Alex G's longtime backing band – Sam Acchione (guitar), John Heywood (bass) and Tom Kelly (drums) – appear on the album's closing track, "Logan Hotel (Live)". The song was recorded "around a piano at the downtown Philadelphia hotel," with Alex G noting: "They’re amazing musicians, and so what they’re bringing to the song, it’s special and I am trying to capture that. And [sic] I want them on the album because they’re my people."

==Release==
Having parted ways with Domino Recording Company after nearly ten years, the album marks his first release under RCA Records. The lead single, "Afterlife"—described as a "pleasant meditation on growing up" with a production style reminiscent of "Maggie May" (1971) and the drumming of Max Weinberg—was released alongside the album announcement on May 29. Its release was accompanied by a music video directed by Charlotte Rutherford. He released the album's second single, "June Guitar", on June 27, 2025.

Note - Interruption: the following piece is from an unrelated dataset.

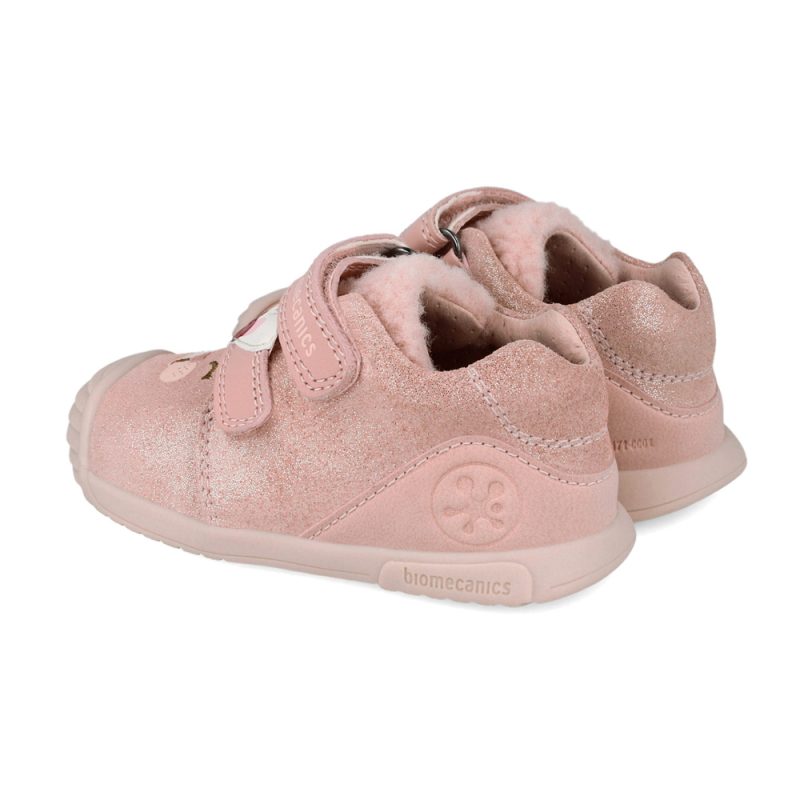 Biomecanics boot with double velcro. It features a bunny on the front.The inner part consists of leather and a leather,anatomic,antibacterial insole. The outsole consists of rubber.
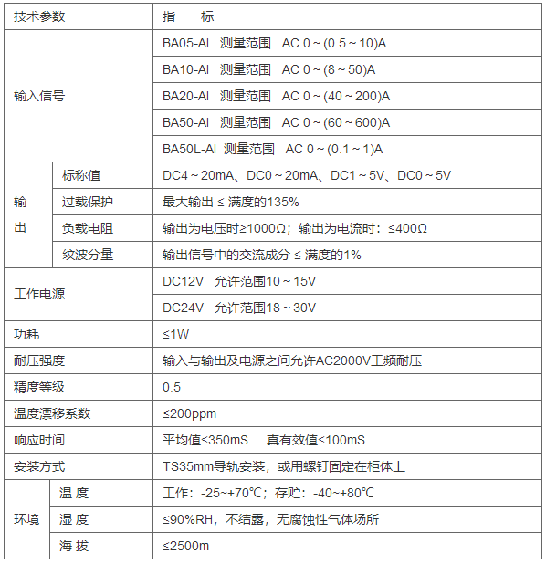 BA系列交流電流傳感器

Alex G is set to promote the record by touring with British musician Nilüfer Yanya across the United Kingdom and the United States.

== Critical reception ==

The Guardian gave a positive review, with writer Rachel Aroesti wrote, "The album peaks with the seemingly totally analogue Real Thing: a simply and addictively beautiful tune built around a pan flute and a witty riff on the titular romantic cliche. Giannascoli may have found a middle ground, but he's nowhere near the middle of the road". Pitchfork writer Ian Cohen wrote "Alex G upgrades to hi-fi dad rock and sails home with a major label debut worthy of all time indie-graduations". Rolling Stone writer Simon Vozick-Levinson wrote "Whether you've been riding with him for years or you're thinking of joining up today, Headlights is an album that won't make you regret that choice".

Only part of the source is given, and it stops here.